Перенаправление несанкционированного контроллера в ASP.NET MVC
У меня есть контроллер в ASP.NET MVC, который я ограничил ролью администратора:
[Authorize(Roles = "Admin")]
public class TestController : Controller
{
...
если пользователь, который не находится в роли администратора переходит к этому контроллеру они приветствуются с пустым экраном.
что я хотел бы сделать, это перенаправить их на просмотр, который говорит: "вам нужно быть в роли администратора, чтобы иметь доступ к этому ресурсу."
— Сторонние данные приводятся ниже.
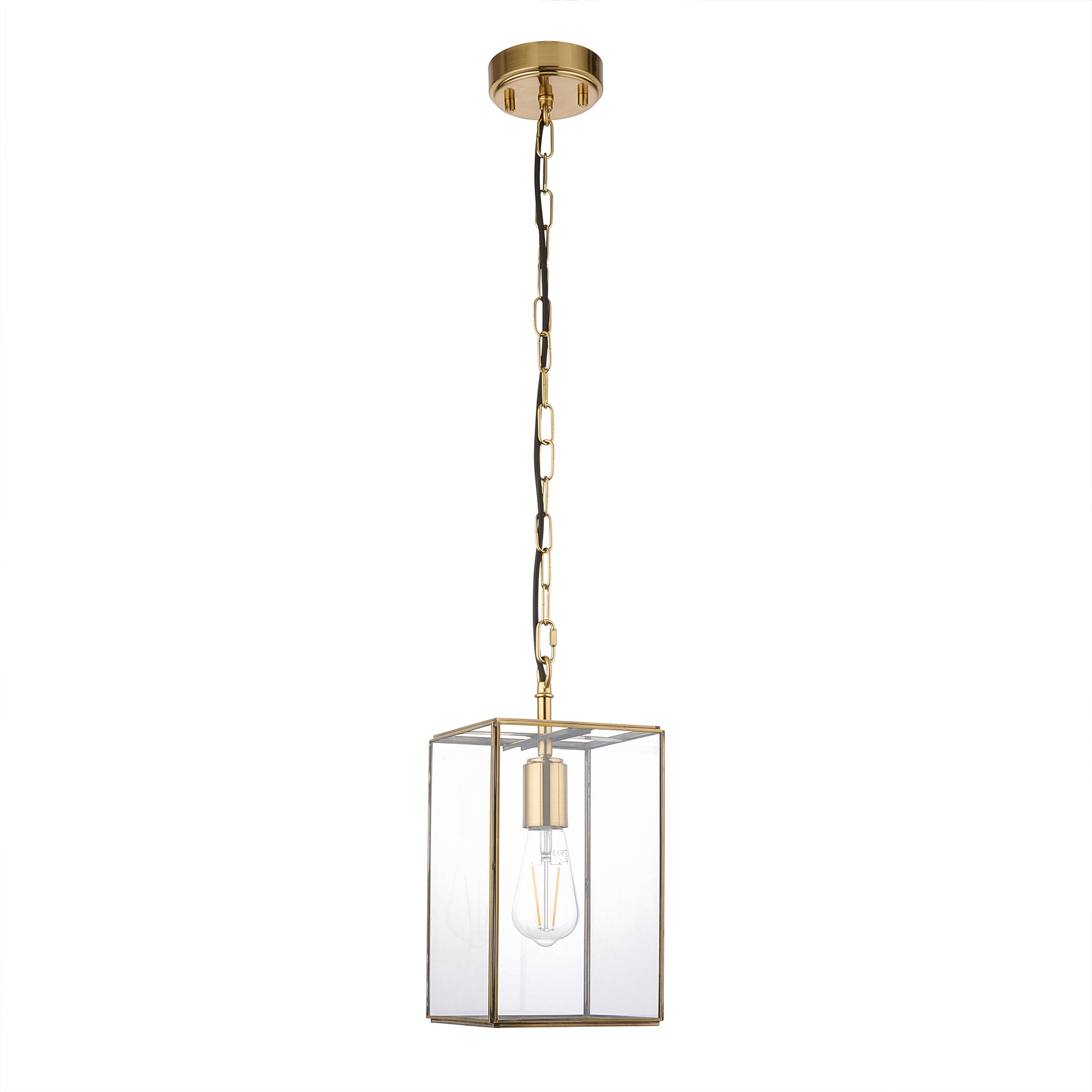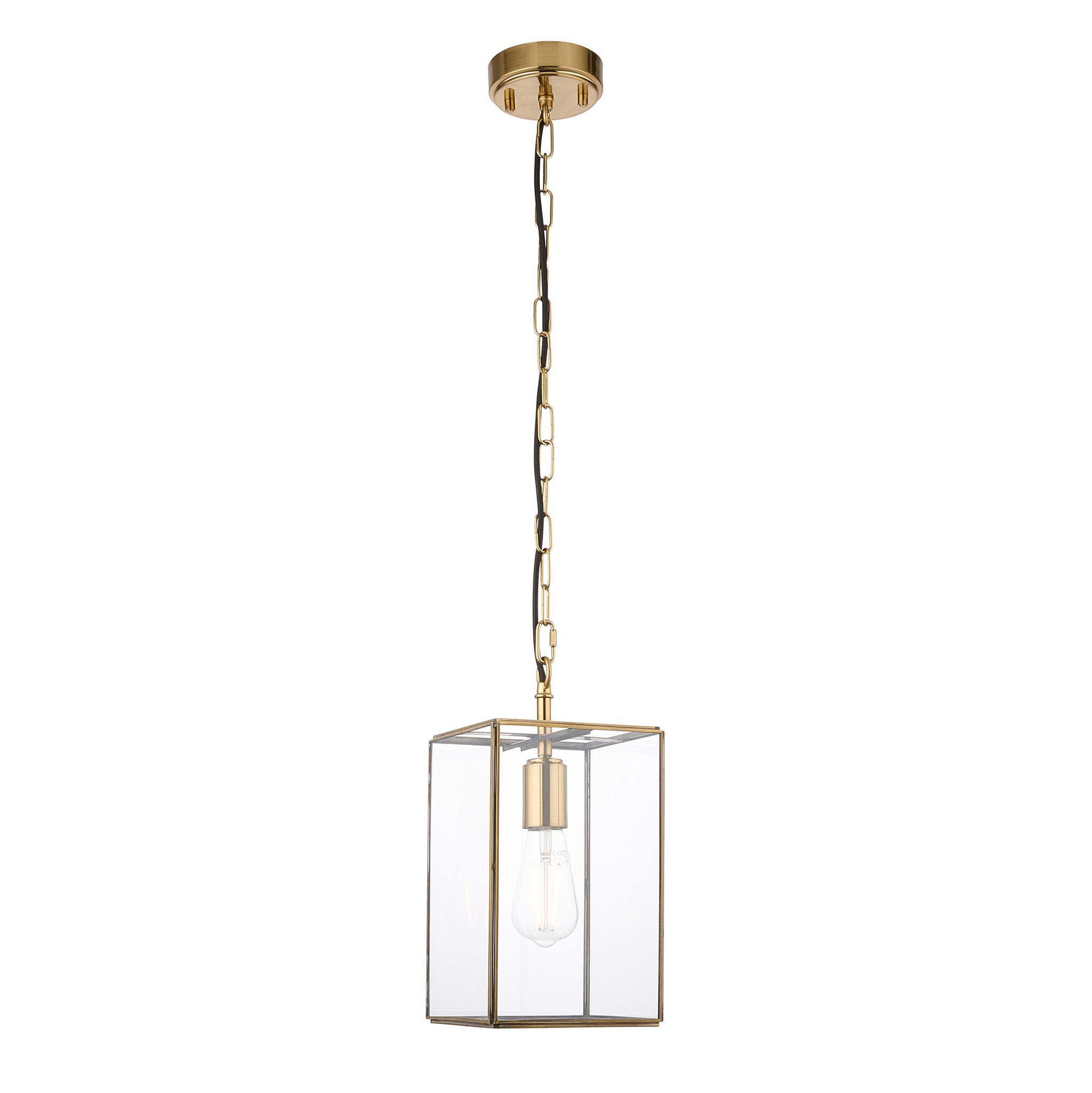 This pendant showcases timeless styling with brushed aged brass metalwork and clear glass panels for a refined, classic look.

один из способов сделать это, о котором я думал, - это проверить каждый метод действия на IsUserInRole() , а если нет в роли затем верните это информационное представление. Тем не менее, я должен был бы поместить это в каждое действие, которое нарушает сухой принцип и, очевидно, громоздко поддерживать.
9 ответов:
создайте пользовательский атрибут авторизации на основе AuthorizeAttribute и переопределите OnAuthorization, чтобы выполнить проверку, как вы хотите это сделать. Обычно AuthorizeAttribute устанавливает результат фильтра в HttpUnauthorizedResult, если проверка авторизации завершается неудачно. Вместо этого вы можете установить его в ViewResult (вашего представления ошибок).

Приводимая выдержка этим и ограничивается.